Закатов и Силин не спеша пошли по дороге.
– Прокоп Матвеич, и не соблазняй! – решительно сказал Никита, разбивая сапогом лужицу в грязи. – Ей-богу, денег нет! Ничего ещё не продавали, у меня даже холсты в девичьей несочтённые лежат! Да и что дадут за эти холсты… Жаль, конечно, безумно. Я понимаю, что другого такого случая у меня в жизни не будет, но… не с топором же идти на дорогу грабить!

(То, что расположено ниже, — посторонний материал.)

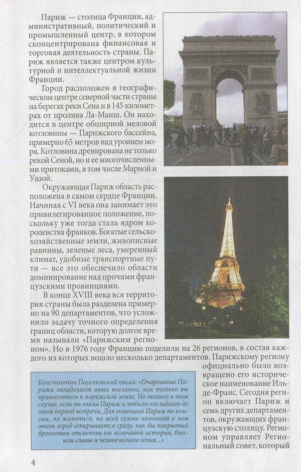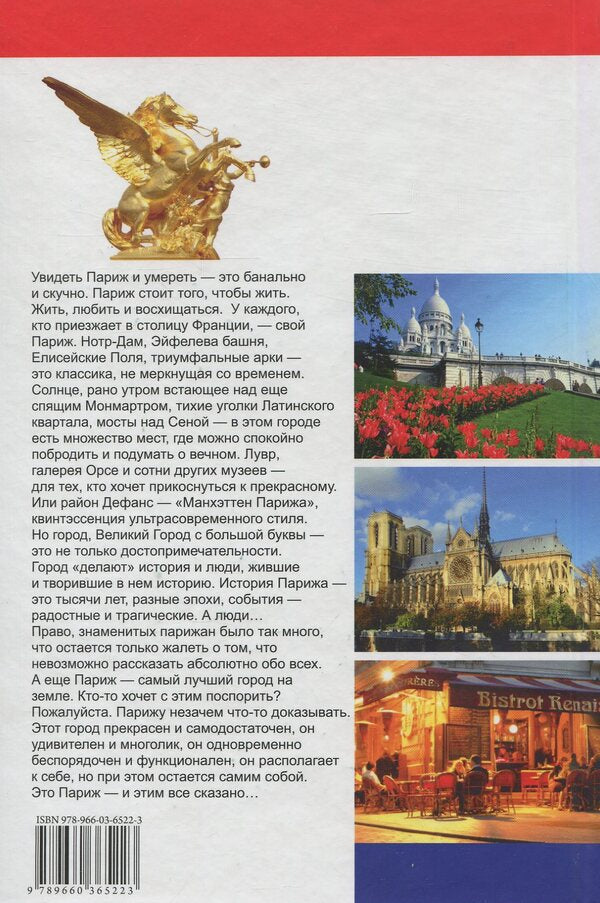 Увидеть Париж и умереть - это банально и скучно. Париж стоит того, чтобы жить. Жить, любить и восхищаться. У каждого, кто приезжает в столицу Франции - свой Париж. Нотр- Дам, Эйфелева башня, Елисейские Поля, триумфальные арки - это классика, не меркнущая со временем. Солнце, рано утром встающее над еще спящим Монмартром, тихие уголки Латинского квартала, мосты над Сеной - в этом городе есть множество мест, где можно спокойно побродить и подумать о вечном. Лувр, галерея Орсе и сотни других музеев - для тех, кто хочет прикоснуться к прекрасному. Или район Де-фанс - 'Манхэттен Парижа', квинтэссенция ультрасовременного стиля.

– Боже сохрани. – серьёзно согласился Силин. – Ну, а коли я тебе взаймы дам?
– Отдавать нечем. – усмехнулся Закатов. – Нет, Прокоп Матвеич. Я тебя всегда уважал, ты знаешь… но долгов себе на шею вешать не желаю.
Силин крякнул, помолчал. Запрокинув голову, долго следил за тем, как над селом чертит широкие круги чуть заметный в вышине ястреб.
– Ишь, разбойник, кружит… цыплят высматривает! Подстрелить бы… Никита Владимирыч, а вот что если, к примеру, я у тебя землицы прикуплю? Помнишь, ещё осенью разговор у нас был? Тот клинок, который у тебя за рекой уж третий год пустует? Земле-то долго пустой стоять незачем, и так уж вся полыньём заросла! Пятьсот рублей дам, ты ещё и в барыше останешься!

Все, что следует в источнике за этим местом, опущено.